As a young prosecutor in Tehran, Raisi sat on a panel that oversaw the execution of hundreds of political prisoners in the Iranian capital in 1988, as Iran’s eight-year war with Iraq was coming to an end, rights groups say.

Inquisitions known as “death committees” were set up across Iran comprising religious judges, prosecutors and intelligence ministry officials to decide the fate of thousands of detainees in arbitrary trials that lasted just a few minutes, according to a report by Amnesty International.
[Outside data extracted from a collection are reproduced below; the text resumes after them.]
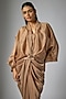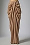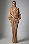 Featuring a mocha colored ruched top in satin organza base with a TT monogram brooch detail. It is paired with satin draped trousers and a jersey slip. Elevate it with statement earrings and block heels for evening soirees.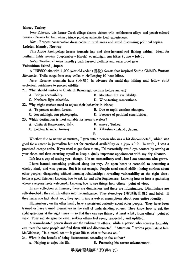 内江市2026届高三上学期零模英语试题及答案 时间:2025-07-13 四川 英语试题 四川内江市2026届高三上学期学期零模(高二下学期期末)英语考试已于近日开考,为方便考生考后及时查看考试情况,查漏补缺、弥补不足,本文整理了试题答案解析相关信息! 汇总:内江市2026届高三上学期学期零模试题及答案汇总 英语试题及答案解析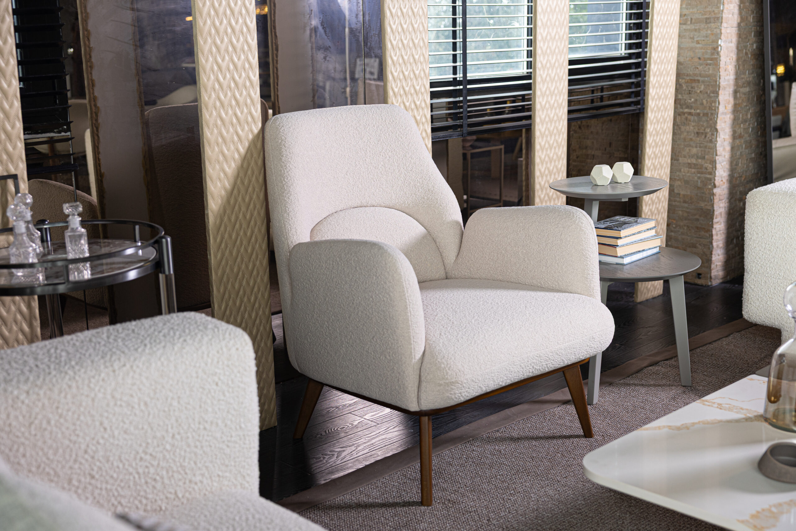 The Lucca Armchair combines timeless design with personalized comfort. Featuring plush corners and deep curves, it offers an intimate seating experience, while the detailed arch profile on the backrest enhances support. Built with a sturdy multilayered wood panel structure, the armchair ensures durability. Its seat cushion, crafted from flexible polyurethane foam and polyester fiber, provides exceptional comfort. With customizable lacquered or painted legs, the Luca Armchair suits any decor. Ideal for residential or commercial spaces, it blends seamlessly into living rooms, offices, and hotel lobbies, offering elegance and style that lasts.

Protests have gone global since Iranian women dared to rally over the death of Mahsa Amini, the 22-year-old arrested by morality police for allegedly violating the strictly enforced dress code.

Protests have gone global since Iranian women dared to rally over the death of Mahsa Amini, the 22-year-old arrested by morality police for allegedly violating the strictly enforced dress code.Credit: AP/Markus Schreiber

While the number of people killed across Iran was never confirmed, Amnesty said a minimum estimate was 5000.

Asked about allegations that he had played a part in the death sentences, Raisi told reporters in 2021: “If a judge, a prosecutor, has defended the security of the people, he should be praised ... I am proud to have defended human rights in every position I have held so far.”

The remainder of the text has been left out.